Astronomers discover new moons orbiting Uranus and Neptune

The tiny satellites were spotted circling our solar system’s most far flung planets.
The discovery image of the new Uranian moon S/2023 U1 using the Magellan telescope. Uranus is just off the field of view in the upper left, as seen by the increased scattered light. S/2023 U1 is the faint point of light in the center of the image with the arrow pointing to it. The trails are from background stars.
The discovery image of the new Uranian moon S/2023 U1 using the Magellan telescope. Uranus is just off the field of view in the upper left, as seen by the increased scattered light. S/2023 U1 is the faint point of light in the center of the image with the arrow pointing to it. The trails are from background stars. Scott Sheppard

Share

Astronomers are adding three newly discovered moons to our solar system’s growing list of known celestial bodies.  A team of international researchers spotted an additional moon circling Uranus’ for the first time in almost two decades and two new moons orbiting the planet Neptune. The discoveries were announced on February 23 by the International Astronomical Union’s Minor Planet Center, a scientific organization who is responsible for designating our solar system’s comets, planets, and moons.

[Related: Neptune’s faint rings glimmer in new James Webb Space Telescope image.]

“The three newly discovered moons are the faintest ever found around these two ice giant planets using ground-based telescopes,” Scott S. Sheppard, an astronomer with the Carnegie Institution for Science who collaborated on the moons’ discovery, said in a statement. “It took special image processing to reveal such faint objects.”

Uranus’ new moon will have a dramatic name

The planet Uranus now has 28 known moons. The new moon is temporarily named S/2023 U1, but it will eventually be named after a character from a Shakespearean play. Uranus moons including Puck, Titania, and Oberon reference A Midsummer Night’s Dream, while the moon Miranda is a reference to The Tempest, both plays written by the English playwright.

At only five miles wide, S/2023 U1 is likely Uranus’ smallest known moon. It takes the tiny satellite 680 days to orbit the planet. Shepherd first spotted S/2023 U1 on November 4, 2023, using the Magellan telescopes at Carnegie Science’s Las Campanas Observatory in Chile. Followup observations were conducted one month later. Marina Brozovic and Bob Jacobson of NASA’s Jet Propulsion Laboratory then helped Shepherd determine a possible moon orbit.

New Neptunian moons–one bright, one faint

With this new discovery, the planet Neptune now has 16 known satellites. The brighter of Neptune’s two newly discovered moons is tentatively named S/2002 N5. It is 14 miles wide and appears to be in a 9-year orbit around Neptune. The fainter moon is named S/2021 N1 and it is about 8.6 miles wide. It circles the planet once every 27 years. Both of these moons will eventually be given names based on sea gods and nymphs in Greek mythology.

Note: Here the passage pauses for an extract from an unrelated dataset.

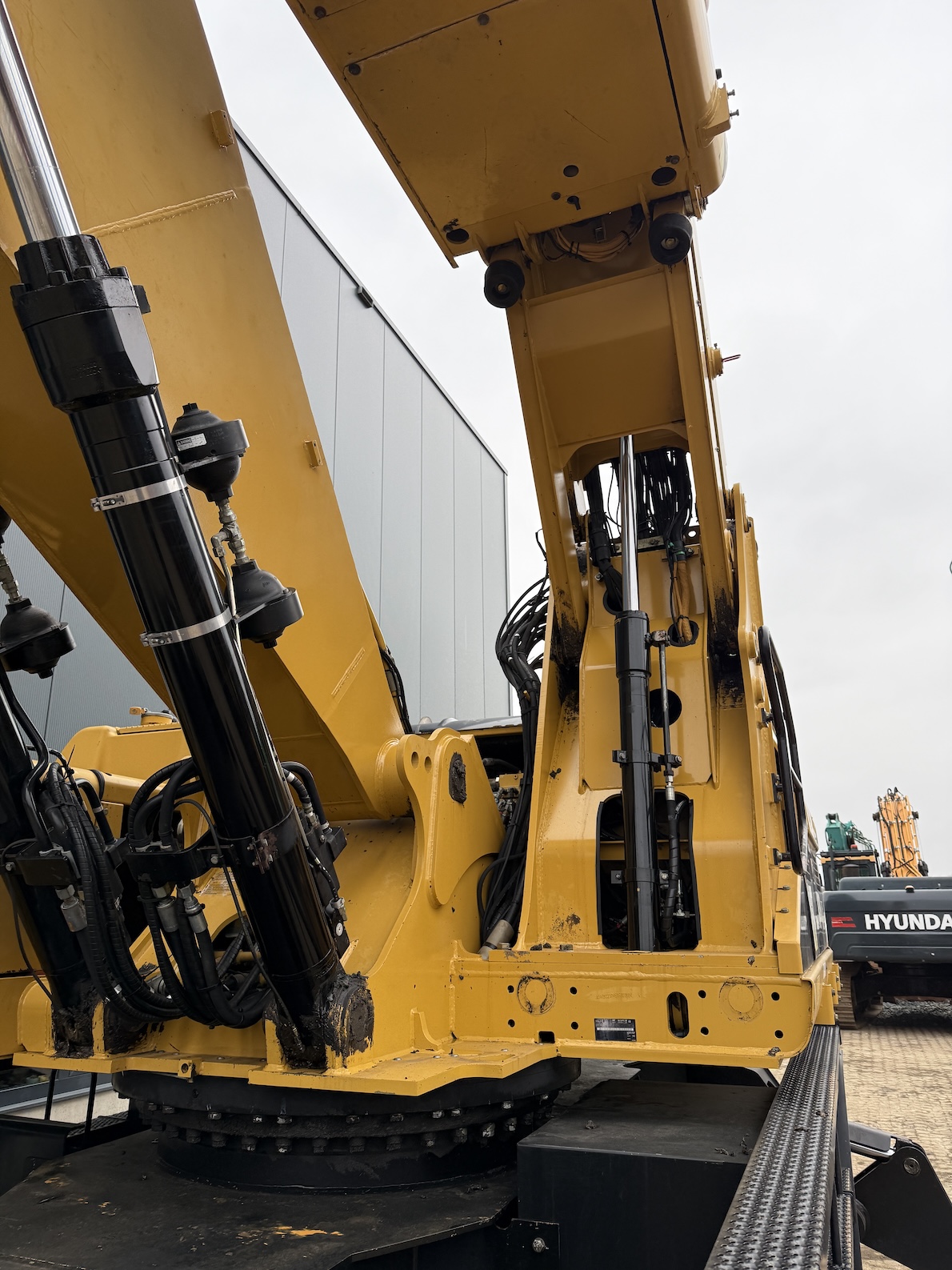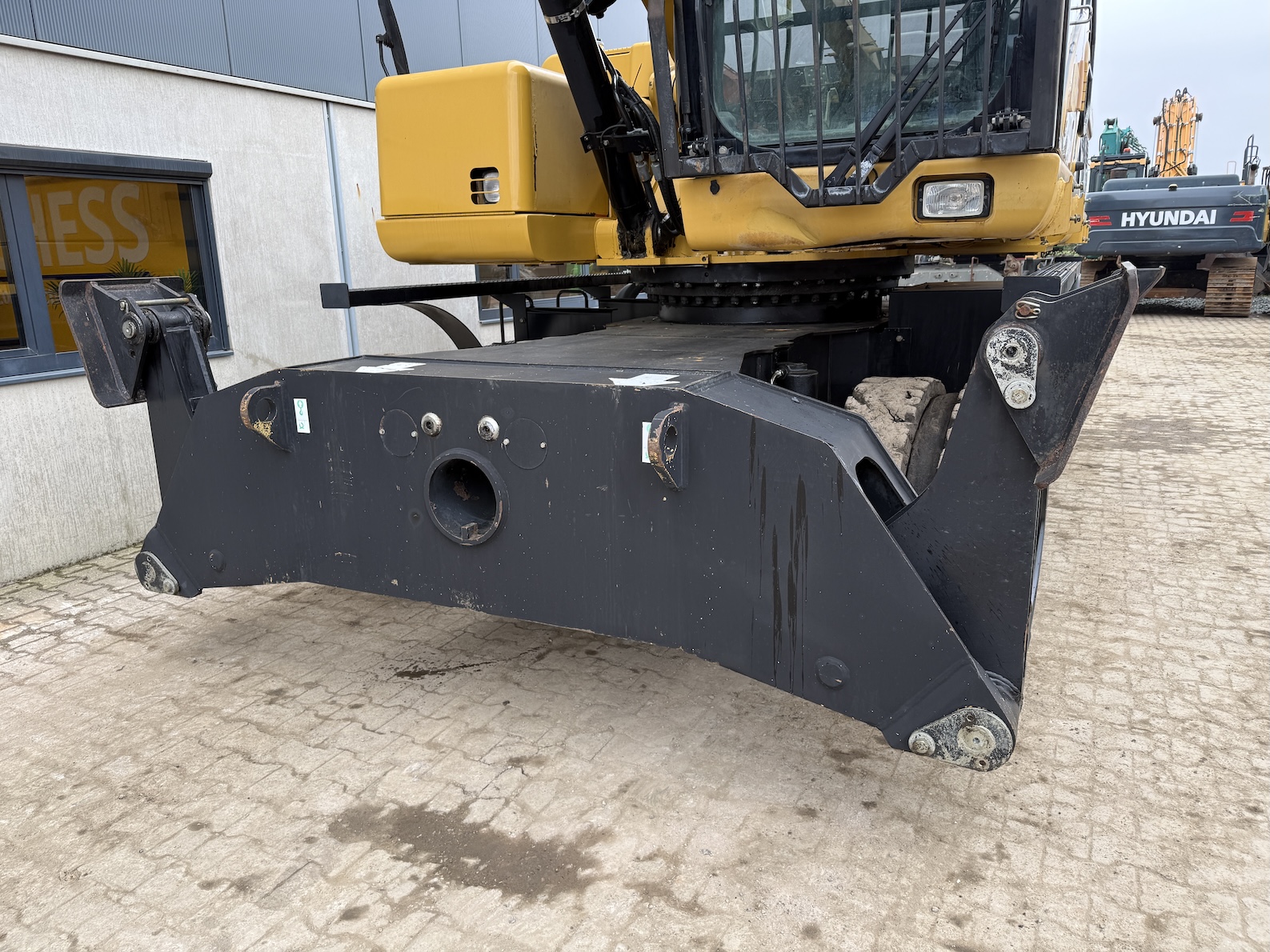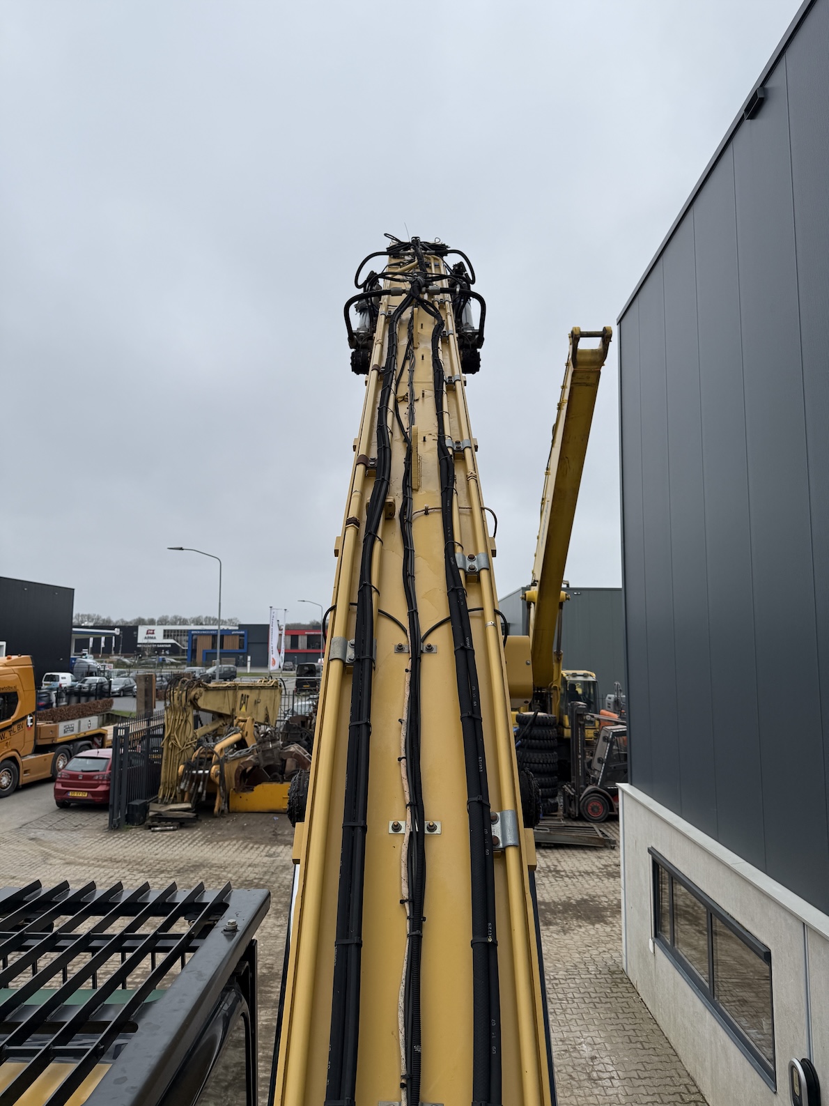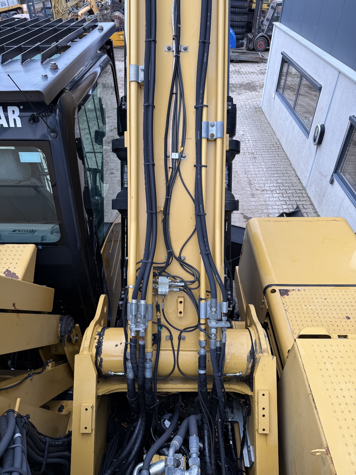 This Cat 325D-MH is equipped with a 6 cilinder water cooled turbo charged Cat 3126AT diesel engine (128kW) with 7843 working hours on the service meter. Boom length 8,85 meters and stick length being 7,42 meters, resulting in a reach of 15,67 meters without grab, height reach of 17,14 meters and debt of 6,42 meters. Full rubber tires, 4 outriggers, cabin protection, extra work lights, camera on the stick, additional books, airco, radio, central lubrication etc.

The two new Neptunian moons were first observed in September 2021. Shepherd worked with David Tholen of the University of Hawaii, Chad Trujillo of Northern Arizona University, and Patryk Sofia Lykawa of Kindai University, and the Subaru telescope to detect the moons. They confirmed the orbit of the brighter moon (S/2002 N5) over about two years and conducted followup observations with the Magellan telescopes.  

“Once S/2002 N5’s orbit around Neptune was determined using the 2021, 2022, and 2023 observations, it was traced back to an object that was spotted near Neptune in 2003 but lost before it could be confirmed as orbiting the planet,” said Sheppard. 

Detecting the fainter moon (S/2021 N1) required some special observing time under “ultra-pristine conditions” at the European Southern Observatory’s Very Large Telescope and on Gemini Observatory’s 8-meter telescope in order to secure its orbit. 

[Related: Expect NASA to probe Uranus within the next 10 years.]

By using these telescopes, shepherd and colleagues snapped dozens of five-minute exposures over three- or four-hour periods on a series of nights. The short-burst images were then layered so that all three new moons could come into view. 

“Because the moons move in just a few minutes relative to the background stars and galaxies, single long exposures are not ideal for capturing deep images of moving objects,” Sheppard said. “By layering these multiple exposures together, stars and galaxies appear with trails behind them, and objects in motion similar to the host planet will be seen as point sources, bringing the moons out from behind the background noise in the images.” 

More understanding of how these moons were captured can help astronomers learn about the tumultuous early years of our solar system and how the planets at the out edge move. Future missions to Uranus and Neptune are in the preliminary planning stages, and more data on their moons will allow the team to better study these far-flung planets.